» Prompt
All that is wanted is the exact text of the lines below from the one with "- 권한은 List와 같은 Collection으로 입력받는데." through the one with "We moved down", inclusive, minus any pictures.

» Available data
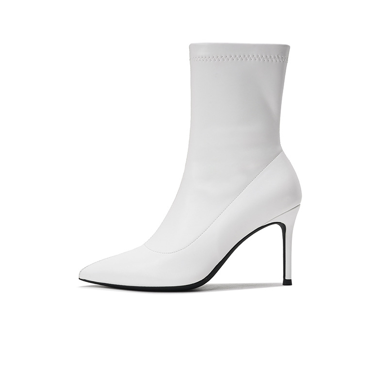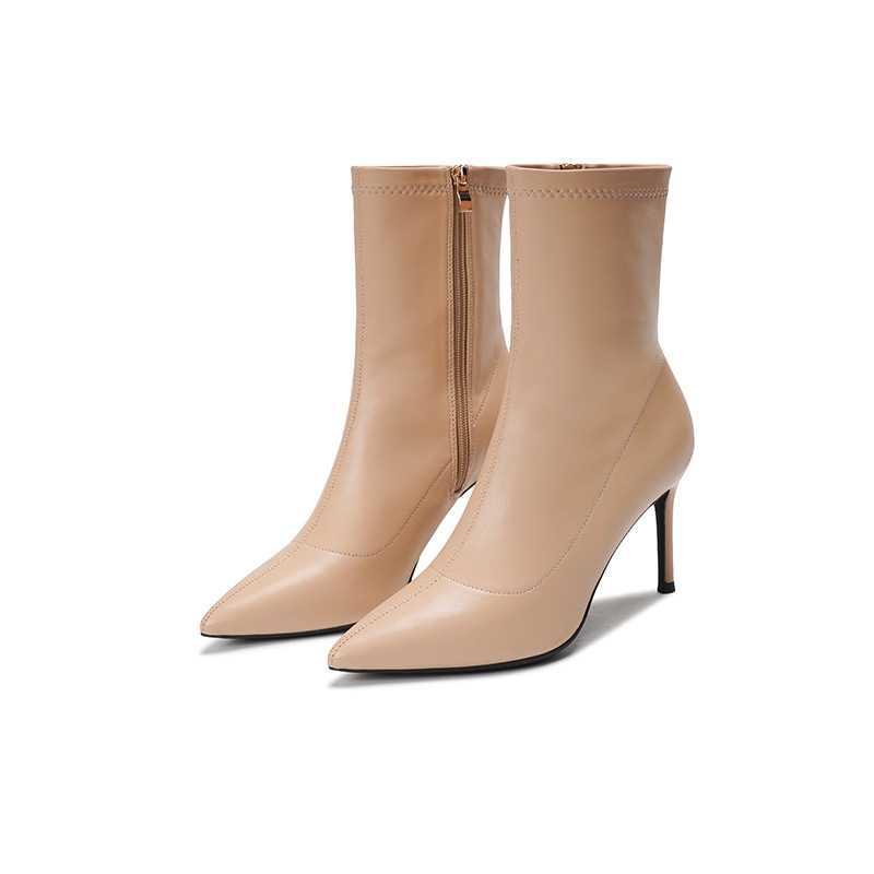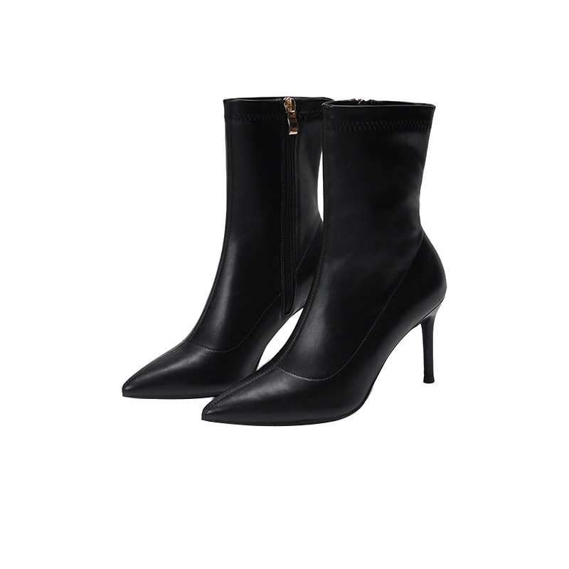공장 가공 사용자 정의 가을과 겨울 하이힐 부츠 얇은 굽 사이드 지퍼 가죽 뾰족한 한국식 짧은 부츠 얇은 굽 부츠스토어 가기
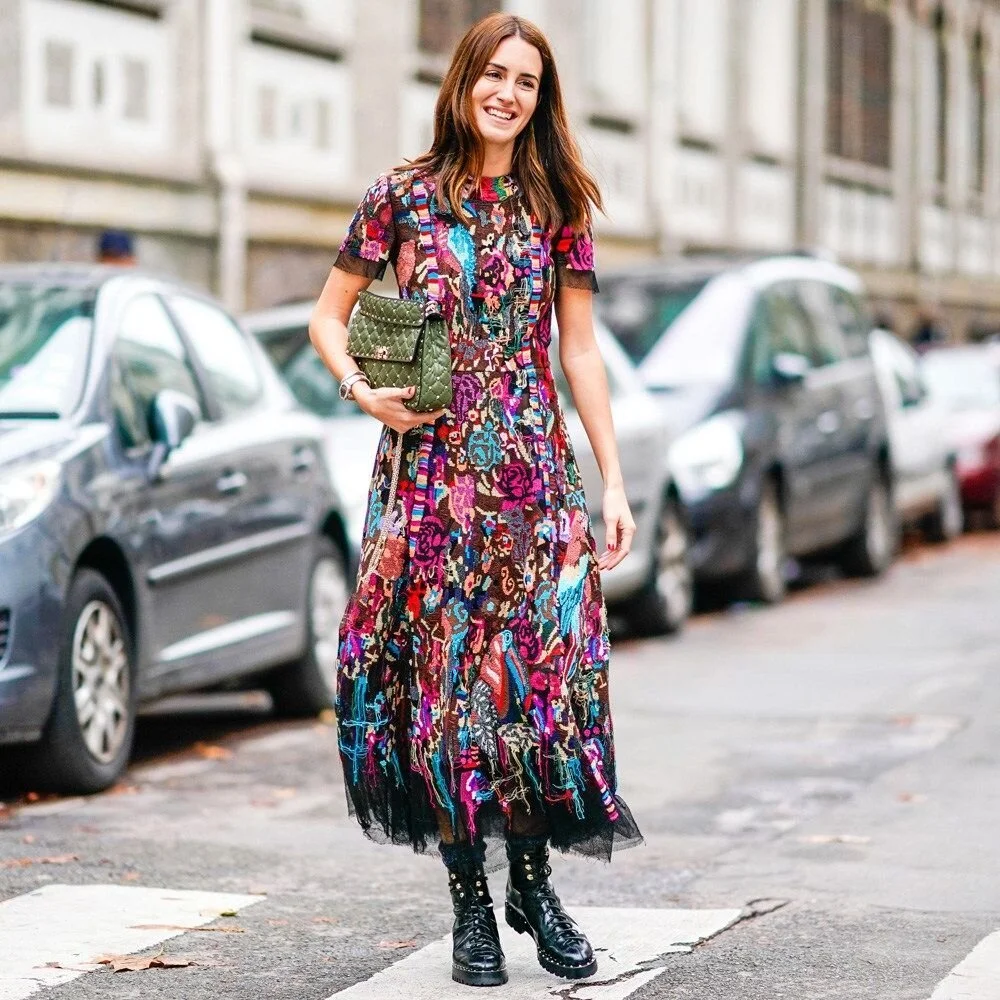 Atrévete a llevar tus combat boots con vestidos románticos. La mezcla de estilos te permite lograr un look fresco y moderno.
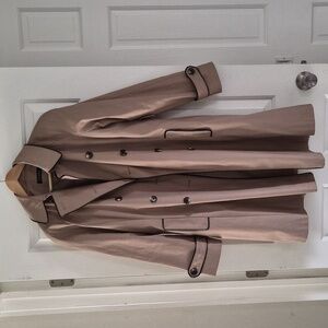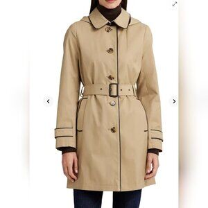 This single-breasted trench coat from Lauren Ralph Lauren is accented with smooth faux-leather details. It features a spread collar, No belt
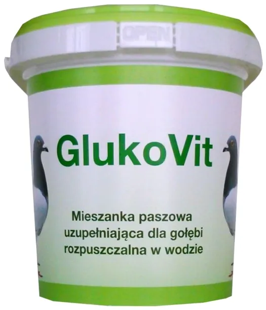 GlukoVit jest to rozpuszczalna w wodzie mieszanka uzupełniająca dla gołębi zawierająca glukozę, zestaw witamin z grupy B i witaminę C. Zawarta w mieszance glukoza stanowi źródło łatwo przyswajalnego cukru. Olbrzymi wysiłek ponoszony przez gołębia pocztowego w czasie lotu powoduje, że dostarczenie substancji energetycznych ma wpływ na usuwanie skutków zmęczenia.Skład
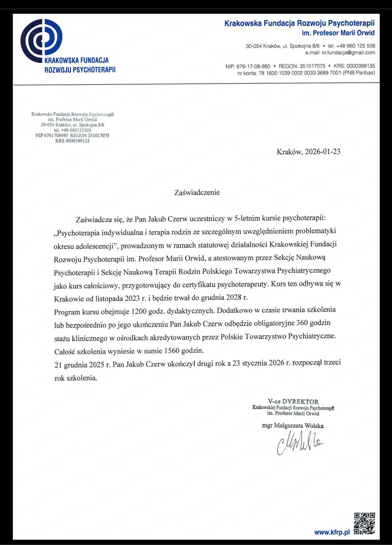 Jestem psychoterapeutą oraz pracownikiem naukowym. Obecnie uczestniczę w pięcioletnim, całościowym kursie psychoterapii akredytowanym przez Polskie Towarzystwo Psychiatryczne, organizowanym przez Krakowską Fundację Rozwoju Psychoterapii im. prof. Marii Orwid. Swoją wiedzę i kompetencje rozwijam również w Szkole Doktorskiej Nauk Społecznych Uniwersytetu Jagiellońskiego, gdzie przygotowuję rozprawę doktorską poświęconą leczeniu substytucyjnemu.
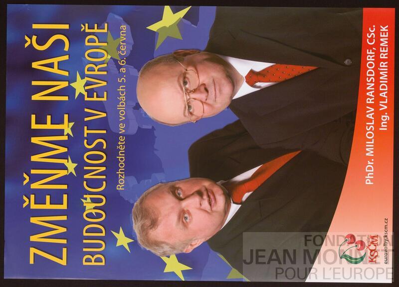 Le Parti communiste de Bohême et Moravie (KSČM) est un parti politique tchèque d'extrême-gauche. Miloslav Ransdorf est un homme politique tchèque, député européen. Vladimír Remek est un homme politique tchèque élu député européen en 2004, date retenue pour cette affiche (source: Wikipédia, consulté en ligne le 5 juin 2025). On retrouve la même ligne graphique sur les affiches C02-0187, C02-0188, C02-1089, C02-0190, C02-0191, C02-0192, C02-0193, C02-0194 et C02-0195.
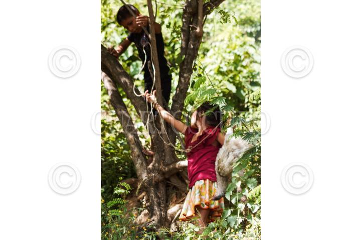 ACAPULCO, GUERRERO, 18SEPTIEMBRE2015.- Un niño y su hermanita realizan una cacería doméstica de una gallina con trampas rudimentarias en el poblado de Garrapatas, para poder comer con mi papá y mi mamá comentaron. FOTO: BERNANDINO HERNÁNDEZ /CUARTOSCURO.COM
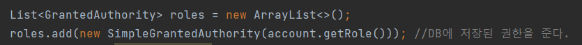 - 권한은 List와 같은 Collection으로 입력받는데.
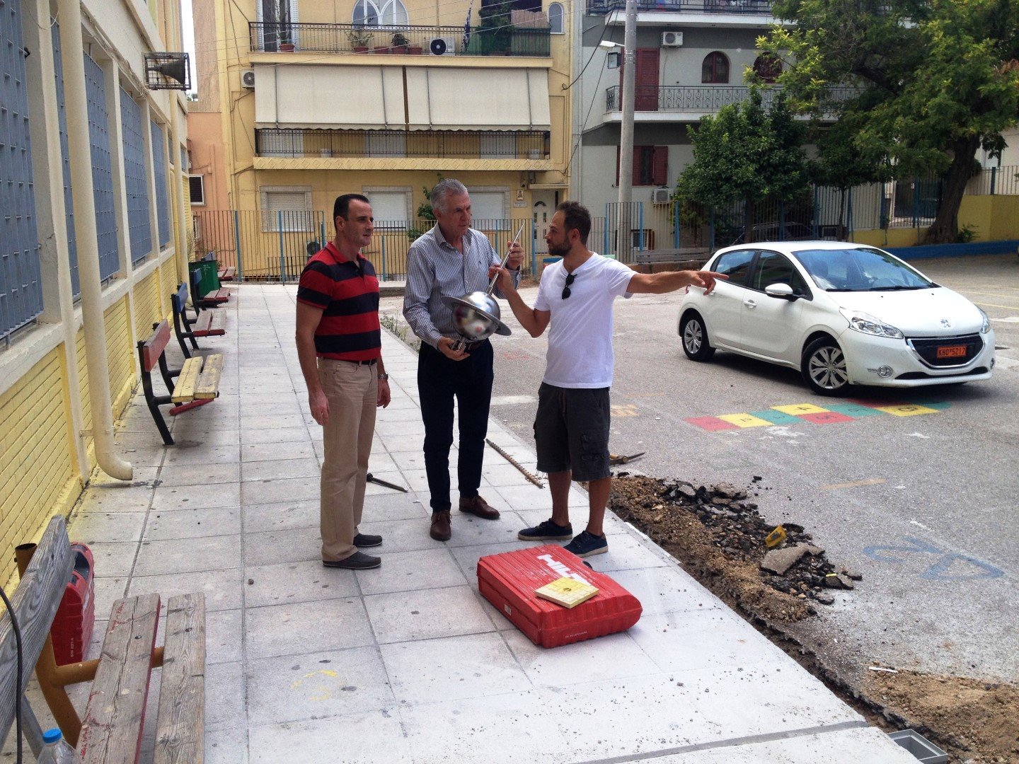 Σύμφωνα με ανάρτηση του Δημάρχου σε μέσο κοινωνικής δικτύωσης, οι δυο τους βρέθηκαν σήμερα στο 18ο Δημοτικό Σχολείο, 47ο και 49ο νηπιαγωγείο, όπου και πραγματοποιούνται εργασίες για την τοποθέτηση των αλεξικέραυνων.
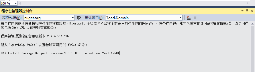 Install-Package Ninject.MVC3 -Version 3.0.0.6 -projectname Toad.WebUI
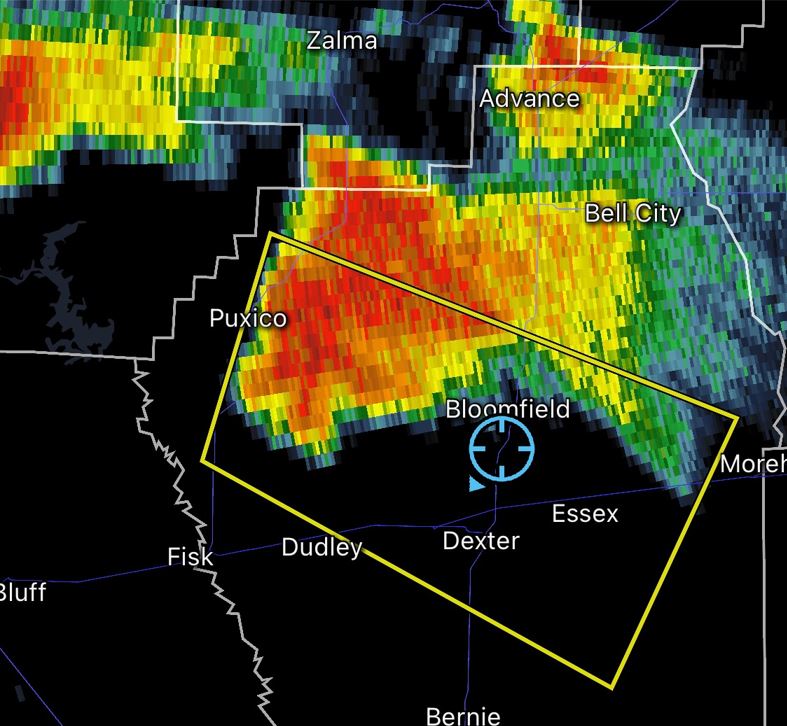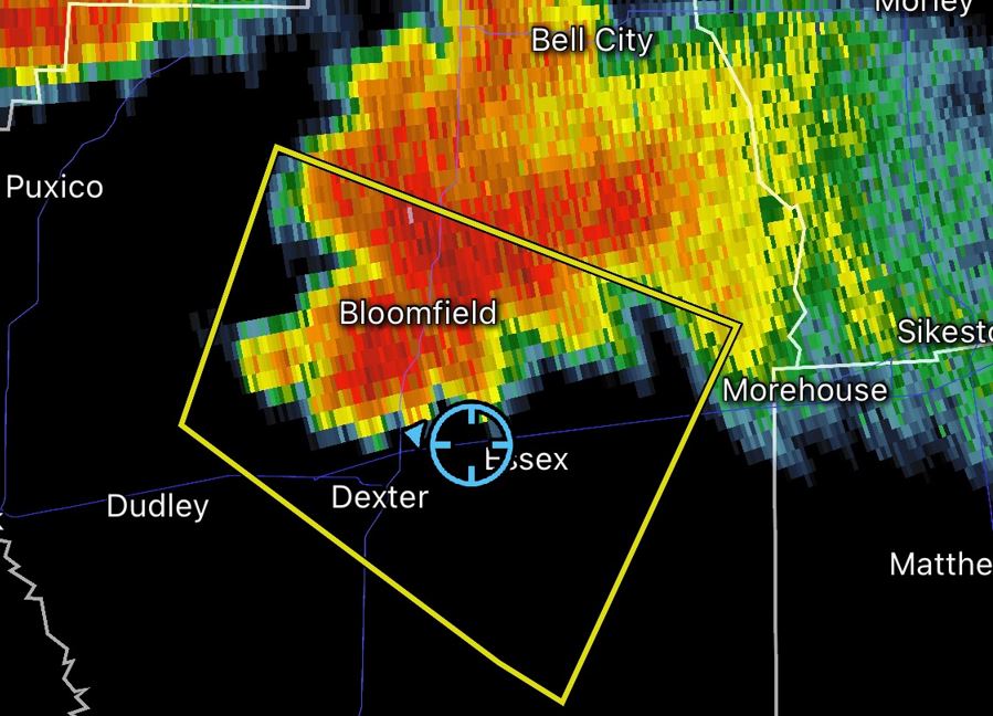 We moved down to Scott City, Missouri and worked our way west, then south as the storm began turning southeast.  Our goal was to get to the south before the now Severe Warned Storm overtook us.  We set our target at Dexter, Missouri.
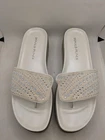 The product is a stylish pair of Donald Pliner sandals for women in size 9, featuring a slip-on style in white with blue and metal stud accents. The sandals have a flat heel, making them perfect for casual occasions during the summer and spring seasons. The fabric and synthetic upper material, along with the studded and rhinestone accents, add a trendy touch to the overall design. Made by the reputable brand Donald Pliner, these sandals are a fashionable choice for women looking to make a statement with their footwear.

» Output for this task
 - 권한은 List와 같은 Collection으로 입력받는데.
 Σύμφωνα με ανάρτηση του Δημάρχου σε μέσο κοινωνικής δικτύωσης, οι δυο τους βρέθηκαν σήμερα στο 18ο Δημοτικό Σχολείο, 47ο και 49ο νηπιαγωγείο, όπου και πραγματοποιούνται εργασίες για την τοποθέτηση των αλεξικέραυνων.
 Install-Package Ninject.MVC3 -Version 3.0.0.6 -projectname Toad.WebUI
 We moved down to Scott City, Missouri and worked our way west, then south as the storm began turning southeast.  Our goal was to get to the south before the now Severe Warned Storm overtook us.  We set our target at Dexter, Missouri.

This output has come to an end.